Another choice is to focus on specific applications, which is the case of the methods proposed in the next chapters, where the entire ethical deliberation process is designed to solve problems having a specific format and constant properties. Therefore, the question is not whether the agent is morally good or bad, since the approach itself does not aim to simulate moral agency.
Instead, what is important is that the artificial moral agent is capable of making ethical choices which align or coincide with what a human moral agent might decide in a similar context, using the same tools and available information. This argumentation is what motivates the use of the word automated instead of autonomous. Both cases, AMA for generic and specific cases, would be classified as explicit ethical agents using the classification proposed by (Moor, 2006), given that the ethical deliberation are coded into their systems, for more generic that they may be.
The role that uncertainty in information acquisition and processing has within any ethical deliberation (Anderson and Anderson, 2007) must also not be forgotten, because it can directly impact the end decision or invalidate the entire reasoning method. This is one of the main difficulties of the implementation of AMAs, since uncertainty is always present in measurement and most of the time it is not easy to estimate. Most of the works in the domain assume that the information received from other parts of the system is exact, avoiding this concern.
The three domains of normative ethics are viable options to be implemented into an AMA. Deontological and consequentialist approaches are ever present (Gips, 1995; Allen et al., 2000) with the Kantian categorical imperative and the utilitarian maximization principle respectively most of the time. Virtue based methods are less popular, and considering that an AMA does not have agency, an ethical reasoning method based on this approach could be proposed as having some sort of variables that represent virtues that might evolve through time, according to the success, failure and observed consequences of its actions. Another way to implement a virtue-based approach is to use the role morality concept (as is done in (Thornton et al., 2017)). According to (Gips, 1995), virtue-based systems are usually translated as deontological approaches for an application. The other two are the focus of much of the published works on the area, as we will explain shortly.
AMAs can be employed in a wide range of applications, from counseling a human’s ethical decision to deciding whether a lethal action from a drone is ethically permissible. In the automated vehicle domain the ethical component is most of the time connected to the safety claim of the road users, meaning that there is always a risk of death involved. Therefore the domain is posed to be the first one that presents to laypeople an application that can present ethical behavior in some situations, given that it was already established that braking and relinquishing control from the AV to the driver is not always the best option (Lin, 2016).

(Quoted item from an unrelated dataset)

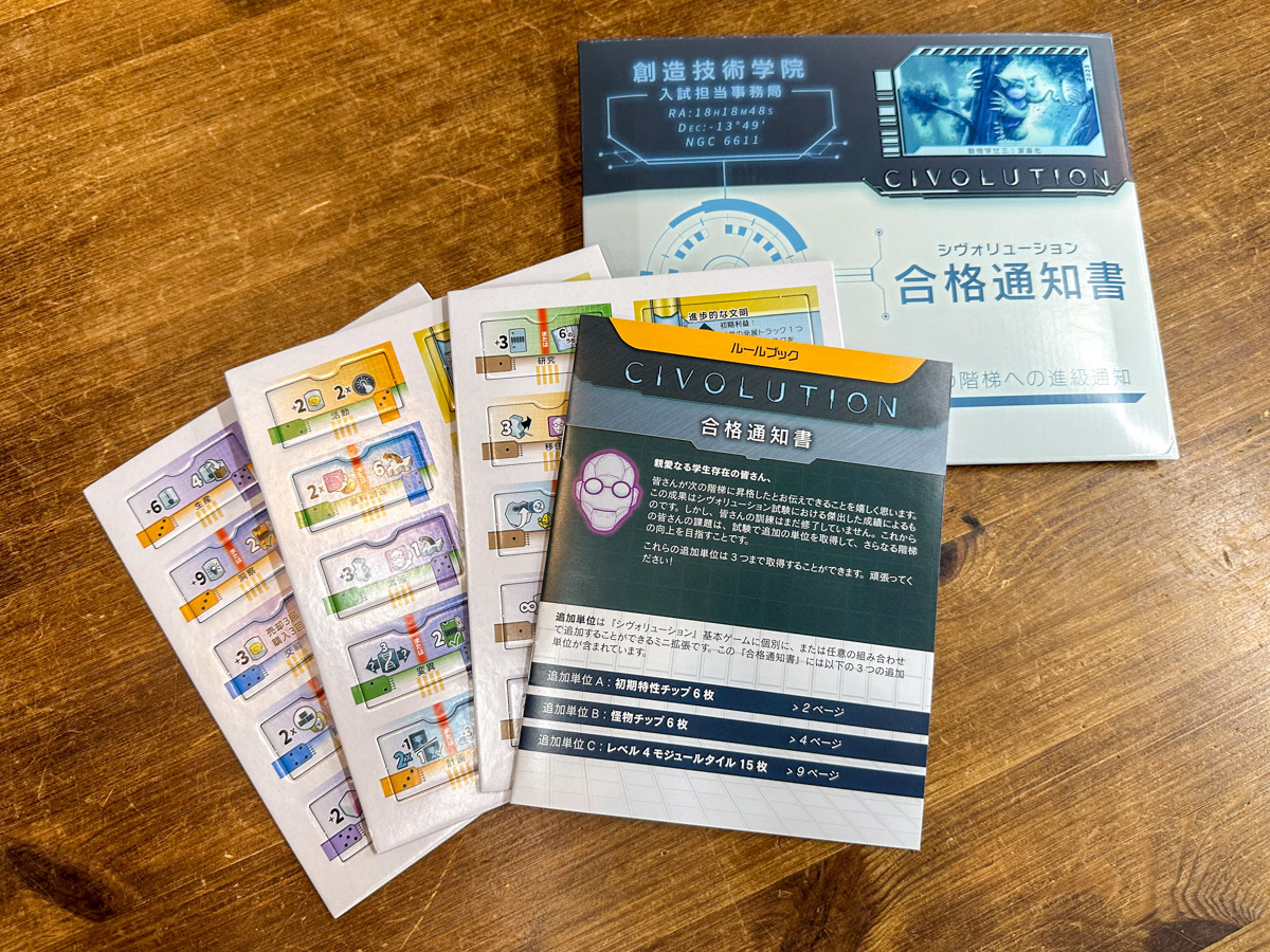 シヴォリューション:合格通知書』は、『シヴォリューション』をより遊びやすくする要素とより深く遊べるようにする要素のどちらもが含まれているので、すでに遊んだ方にもこれから遊ぶ方にもおすすめの拡張セットです。
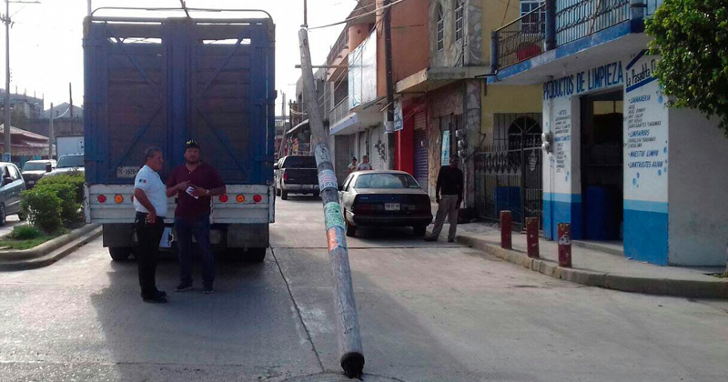 Camión tumba poste de teléfonos

Game Theory assembles analytical tools that may be used to model a situation when an agent’s best action depends on its expectations from the actions executed by other agents, and vice-versa (Ross, 2001). Its first foundations, in the economics context, were established in (Von Neumann and Morgenstern, 1966), with the following definition: They8 have their origin in the attempts to find an exact description of the endeavor of the individual to obtain a maximum of utility, or, in the case of the entrepreneur, a maximum of profit. In this definition three main entities can be identified:
• Individual: it represents the agent, the decision-maker that interacts with others.
• Utility: quantify the agent’s preference towards some object or event, expressing these preferences into all possible choices of action.
• « Maximum of »: what the individual wants from the interaction; corresponds to some deliberation method to determine the action with the most utility.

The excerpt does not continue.